Wenn Ihre Website nur wenige Sprachversionen hat und die Produktstruktur einfach ist, können Sie zunächst die Seiten mit dem höchsten Traffic selbst optimieren. Besonders bei Titeln, dem Einstiegsbereich, Buttons, Formularen und der Reihenfolge der Parameter sind die Änderungskosten meist gering, während sich die Auswirkungen schnell erkennen lassen.
Wenn jedoch bereits die folgenden Situationen auftreten, sollten Sie sich nicht auf die Änderung einiger Formulierungen beschränken:
In solchen Fällen müssen Website-Architektur und Seitenlogik gemeinsam überarbeitet werden. Das Mehrsprachigkeitsproblem sollte nicht als reine Auslagerung von Übersetzungsarbeiten verstanden werden. Für Unternehmen, die langfristig Kunden im Ausland gewinnen möchten, sind mehrsprachige Produktseiten im Kern ein Bestandteil von Marketingseiten und nicht lediglich Content-Assets.
Kehren wir zur Ausgangsfrage zurück: Beeinflusst die Erstellung mehrsprachiger Produktseiten die Conversion-Rate? Ja, und der Einfluss ist häufig direkter als erwartet. Er zeigt sich jedoch nicht unbedingt darin, ob eine zusätzliche Sprache vorhanden ist, sondern darin, ob die Seite tatsächlich zum Lesen, Verstehen und Handeln der Nutzer in diesem Markt geeignet ist.

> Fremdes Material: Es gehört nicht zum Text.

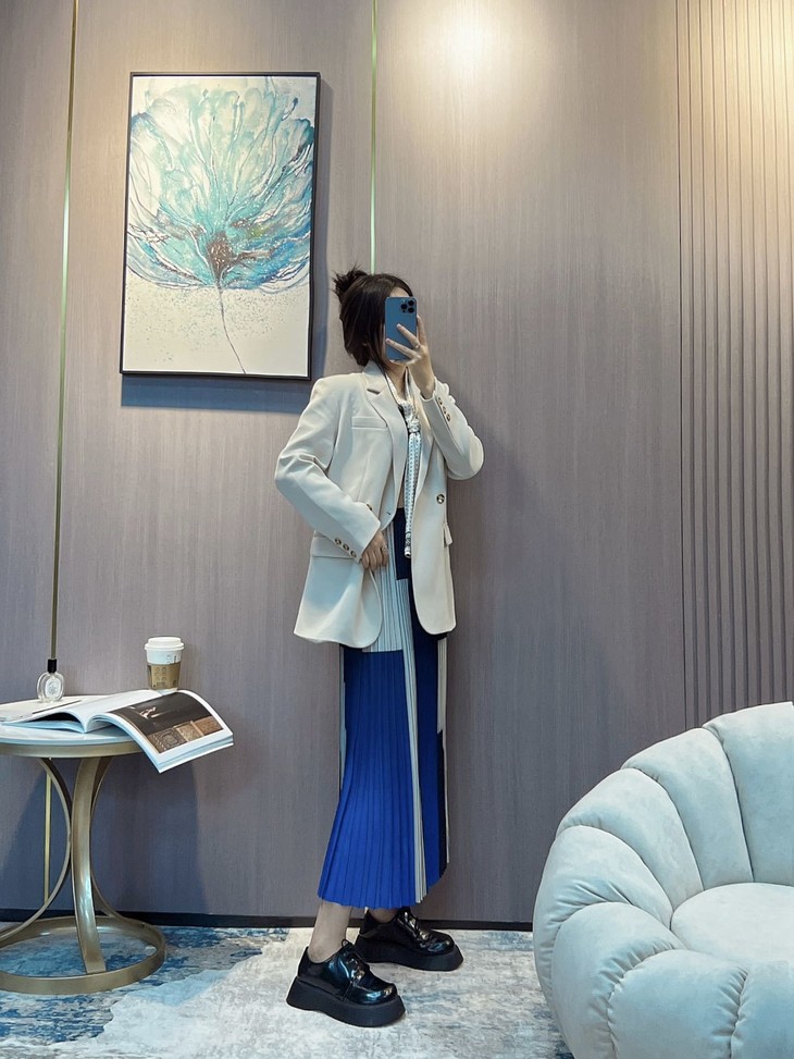 ⚠️懒人必备穿搭法 ✔️硬朗的牛仔外套混搭优雅的百褶裙,修饰身形飒爽有范 ✔️衬衫与半裙,职场总裁范 ✔️运动卫衣混搭百褶裙,温柔又有力量,减龄有活力 ✔️毛衣搭百褶裙高颜值CP组,真正的集优雅浪漫、慵懒气质于一身♥️女人味爆棚,春日出游踏青上镜好看到亮瞎眼 不知如何选择裙子的姐妹,推荐这个系列闭眼入🛒🛒 懒人百搭又遮肉,绝了🔺

Wenn die ursprüngliche Seite lediglich in mehrere Sprachversionen kopiert wird, steigt möglicherweise die Anzahl der Seiten, nicht aber die Conversion-Effizienz. Wenn Sie sich dagegen auf Informationsreihenfolge, Ausdrucksweise, Vertrauensdesign und Handlungsweg konzentrieren, sind mehrsprachige Seiten nicht nur „verständlich“, sondern erhöhen auch die Wahrscheinlichkeit, dass Nutzer Kontakt aufnehmen oder eine Bestellung aufgeben. Darauf sollten Sie bei der Erstellung mehrsprachiger Produktseiten besonders achten.